The Devil is in the details, as it were.

Picking up shortly after the events of last year's "28 Years Later", young Spike (a great Alfie Williams) is under the thumb of Sir Jimmy Crystal, a Charles Manson like gang leader with a whole lot of Jimmy's leaving a trail of death behind them at Sir Jimmy's bidding.

Jack O'Connell, hot off of playing the villain Remmick in "Sinners", the best film of 2025, returns as the cult figure who seems to control his minions like murderous puppets. O'Connell is dangerous & beyond twisted, but the sequences in which they capture and torture the surviving humans of the infection and plague are disgusting, relentless and just plain too much.

I began to wonder if one of my favorite screenwriters, Alex Garland, was trying to make a heavy handed metaphor or theme around how much we love watching our heroes slaughter the zombie-like infected, but cringe at the same deaths inflicted on the survivors.

One big difference.

The zombies are killed with a shot to the head or a knife to the brain, a quick kill to survive and move on. The humans suffer graphic, long sequences of scream inducing torture.

The film's better storyline dives into the continuing saga of Dr. Kelson (the reliably superb Ralph Fiennes) and his growing suspicion that he has found a cure for the plague that has ravaged the Earth for the past 28 years.

Kelson builds a fascinating story line with Samson, the giant Alpha male of the infected tribe, well played by Chi Lewis-Parry. There is real suspense, intelligence and hope in the scenes between Samson and Kelso.
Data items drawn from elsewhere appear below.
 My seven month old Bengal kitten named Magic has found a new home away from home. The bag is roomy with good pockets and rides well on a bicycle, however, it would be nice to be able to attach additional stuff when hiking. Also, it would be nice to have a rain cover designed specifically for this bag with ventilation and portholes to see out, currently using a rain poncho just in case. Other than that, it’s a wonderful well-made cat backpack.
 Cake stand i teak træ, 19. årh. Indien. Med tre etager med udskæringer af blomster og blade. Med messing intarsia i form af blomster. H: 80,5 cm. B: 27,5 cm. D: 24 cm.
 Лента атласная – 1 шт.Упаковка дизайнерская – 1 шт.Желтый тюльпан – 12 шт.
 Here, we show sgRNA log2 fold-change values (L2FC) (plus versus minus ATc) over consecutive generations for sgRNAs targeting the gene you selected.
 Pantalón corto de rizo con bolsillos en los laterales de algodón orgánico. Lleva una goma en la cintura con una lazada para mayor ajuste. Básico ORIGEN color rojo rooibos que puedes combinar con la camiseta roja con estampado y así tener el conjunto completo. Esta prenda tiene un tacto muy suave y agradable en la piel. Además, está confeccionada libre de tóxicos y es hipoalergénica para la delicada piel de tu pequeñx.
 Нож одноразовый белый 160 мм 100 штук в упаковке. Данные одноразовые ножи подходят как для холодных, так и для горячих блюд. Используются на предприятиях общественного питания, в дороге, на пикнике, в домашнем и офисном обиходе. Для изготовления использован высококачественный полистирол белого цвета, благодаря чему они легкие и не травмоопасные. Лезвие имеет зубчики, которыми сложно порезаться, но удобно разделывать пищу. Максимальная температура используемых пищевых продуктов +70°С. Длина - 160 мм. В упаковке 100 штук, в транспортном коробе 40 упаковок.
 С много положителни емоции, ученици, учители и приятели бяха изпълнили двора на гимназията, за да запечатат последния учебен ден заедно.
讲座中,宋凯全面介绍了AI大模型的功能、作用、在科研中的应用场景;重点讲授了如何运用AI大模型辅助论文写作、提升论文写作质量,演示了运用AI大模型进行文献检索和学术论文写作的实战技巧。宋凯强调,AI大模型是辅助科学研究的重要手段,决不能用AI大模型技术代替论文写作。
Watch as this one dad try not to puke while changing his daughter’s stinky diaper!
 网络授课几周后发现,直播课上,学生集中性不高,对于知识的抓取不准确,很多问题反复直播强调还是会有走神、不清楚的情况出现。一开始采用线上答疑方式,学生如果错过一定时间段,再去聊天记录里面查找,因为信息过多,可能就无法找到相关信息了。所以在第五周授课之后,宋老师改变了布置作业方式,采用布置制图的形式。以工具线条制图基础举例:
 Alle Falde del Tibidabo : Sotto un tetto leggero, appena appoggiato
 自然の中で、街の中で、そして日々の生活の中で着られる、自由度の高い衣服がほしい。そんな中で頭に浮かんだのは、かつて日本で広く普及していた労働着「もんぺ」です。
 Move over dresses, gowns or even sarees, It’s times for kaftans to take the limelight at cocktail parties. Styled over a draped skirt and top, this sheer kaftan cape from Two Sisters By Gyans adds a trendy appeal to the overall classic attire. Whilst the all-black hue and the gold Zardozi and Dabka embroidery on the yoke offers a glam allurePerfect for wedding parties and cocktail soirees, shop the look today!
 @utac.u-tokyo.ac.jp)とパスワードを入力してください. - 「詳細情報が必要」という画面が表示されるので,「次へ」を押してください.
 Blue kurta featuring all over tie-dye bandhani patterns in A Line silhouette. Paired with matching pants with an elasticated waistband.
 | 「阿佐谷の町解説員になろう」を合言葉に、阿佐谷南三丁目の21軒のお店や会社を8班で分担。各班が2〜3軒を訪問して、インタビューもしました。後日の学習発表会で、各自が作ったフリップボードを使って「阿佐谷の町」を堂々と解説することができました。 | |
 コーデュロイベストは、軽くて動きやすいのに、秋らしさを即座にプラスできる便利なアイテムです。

They become the spirit of the story, but evaporate every time the action pops back to Sir Jimmy and his murdering squad.

When the two stories within do eventually meld, it immediately improves.

The delicate dance between O'Connell's Sir Jimmy and Fiennes Dr. Kelso is fascinating from their first glance at each other.

Director Nia DaCosta has stated that her intent was to deliberately move away from Danny Boyle's style and create something "bonkers" and all her own. Well, mission accomplished, I guess.

Her production design team absolutely blows it out of the park and we get to experience the wild Bone Temple much more deeply this time out. During the day, in the middle of the night with stars swirling above, it becomes an incredible space where the climax of this middle chapter of the new trilogy takes place.

About the best sequence of the film: I'll reveal little, beyond to say that when you near "The Number of the Beast" by Iron Maiden blow out of the Dolby Cinema speakers, buckle up. Fiennes delivers something so manic, grand and BONKERS that for about ten minutes, the film is perfection.

It's a thrilling, scary and hilarious scene that blows everything else around it out of the water. I loved it.

Then we get a coda that seems to have gently floated in from a very, very different movie. It's a jarring, welcome surprise ending that's as shocking as the tone shift with the appearance of the Jimmys at the end of the last film.

It actually turned me around and made me intrigued to see the final chapter that's due at a future date.

That's a minor miracle when I spent most of the first half of the film shaking my head anytime Kelso & Samson weren't on screen.

I'm hoping Boyle comes back to direct the final chapter, his sure hand, visual style and vision is sorely missed as this one spins wildly off its rails.

THE BONE TEMPLE set itself is a meticulous construction of over 1000 towers featuring 5500 skulls and 150,000 bones, one of the most visually stunning physical sets in the last five decades of film.

If only this chapter of the story had been constructed with such precision.

I'll give it a C-, saved from a much lower grade by Ralph Fiennes 11th hour performance that seems to spew forth from hell itself. It's a WOW that saves the film around it from being a hellish disappointment.